▶ [What you have to do]
In the data below, begin at the line with "Retro halter swimsuits" and stop after the line with "Вараев Тамерлан Умарович, ученик"; output those lines exactly and no pictures.

▶ [Input data]

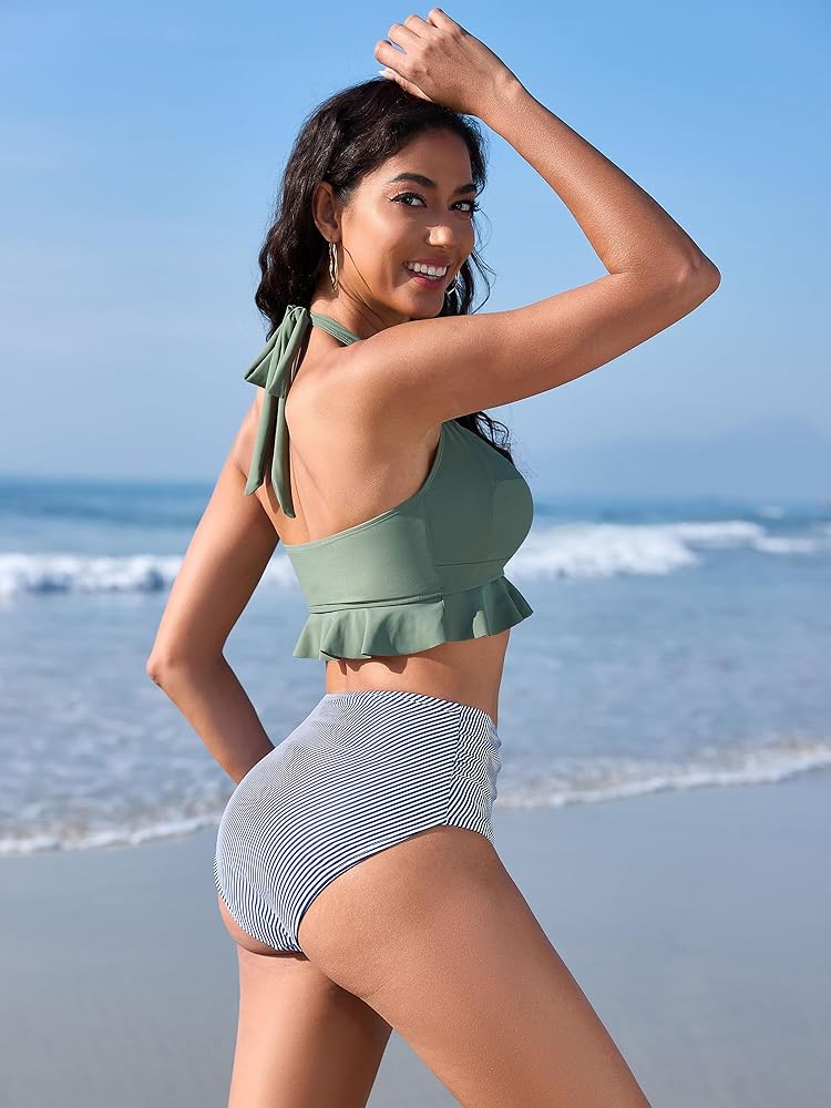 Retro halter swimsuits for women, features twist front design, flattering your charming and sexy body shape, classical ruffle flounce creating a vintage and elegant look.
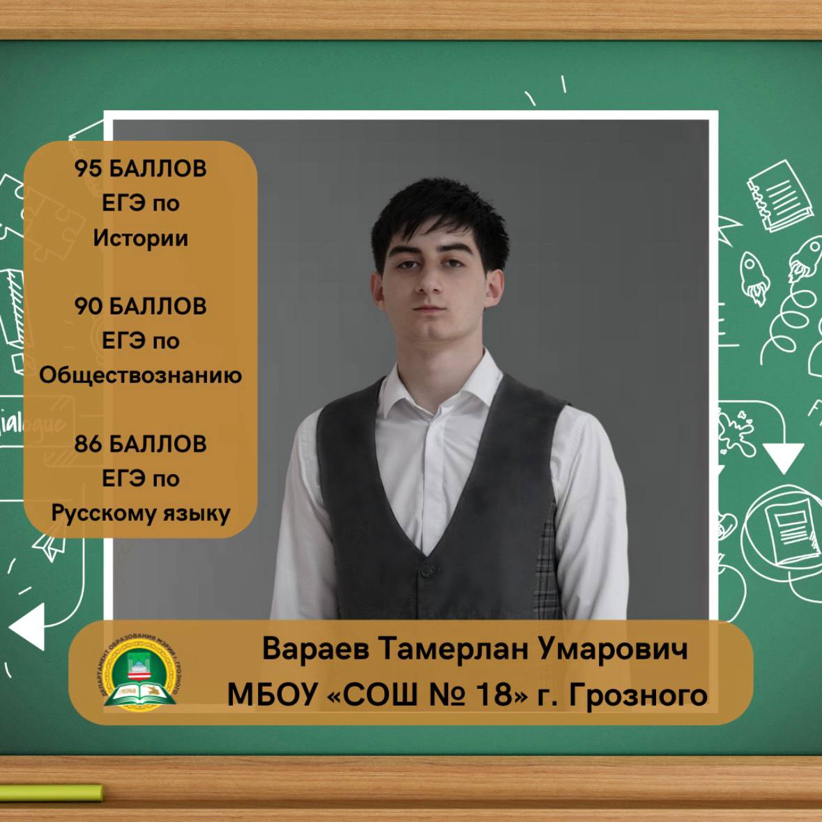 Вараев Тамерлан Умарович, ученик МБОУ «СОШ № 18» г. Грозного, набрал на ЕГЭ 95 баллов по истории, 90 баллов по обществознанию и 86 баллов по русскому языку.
...
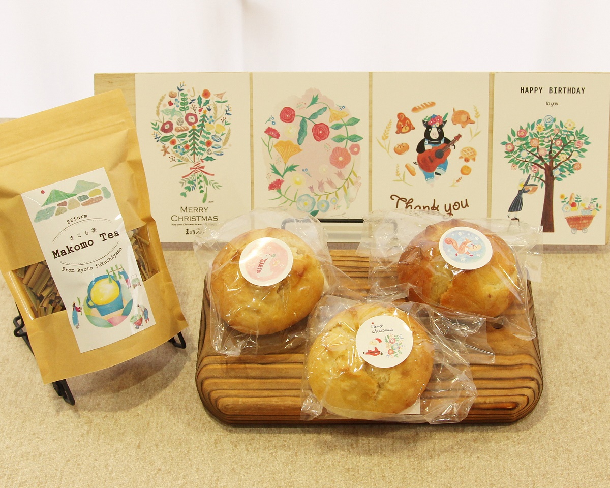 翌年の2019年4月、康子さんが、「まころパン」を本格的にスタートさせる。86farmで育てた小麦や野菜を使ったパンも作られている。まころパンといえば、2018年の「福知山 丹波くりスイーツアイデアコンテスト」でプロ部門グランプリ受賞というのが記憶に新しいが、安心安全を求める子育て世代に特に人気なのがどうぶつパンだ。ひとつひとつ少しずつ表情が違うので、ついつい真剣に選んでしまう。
--
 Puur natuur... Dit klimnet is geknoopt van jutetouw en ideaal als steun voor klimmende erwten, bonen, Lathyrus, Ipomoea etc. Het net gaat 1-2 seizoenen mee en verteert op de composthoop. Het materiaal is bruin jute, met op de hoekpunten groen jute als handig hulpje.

▶ [Result for this exercise]
 Retro halter swimsuits for women, features twist front design, flattering your charming and sexy body shape, classical ruffle flounce creating a vintage and elegant look.
 Вараев Тамерлан Умарович, ученик МБОУ «СОШ № 18» г. Грозного, набрал на ЕГЭ 95 баллов по истории, 90 баллов по обществознанию и 86 баллов по русскому языку.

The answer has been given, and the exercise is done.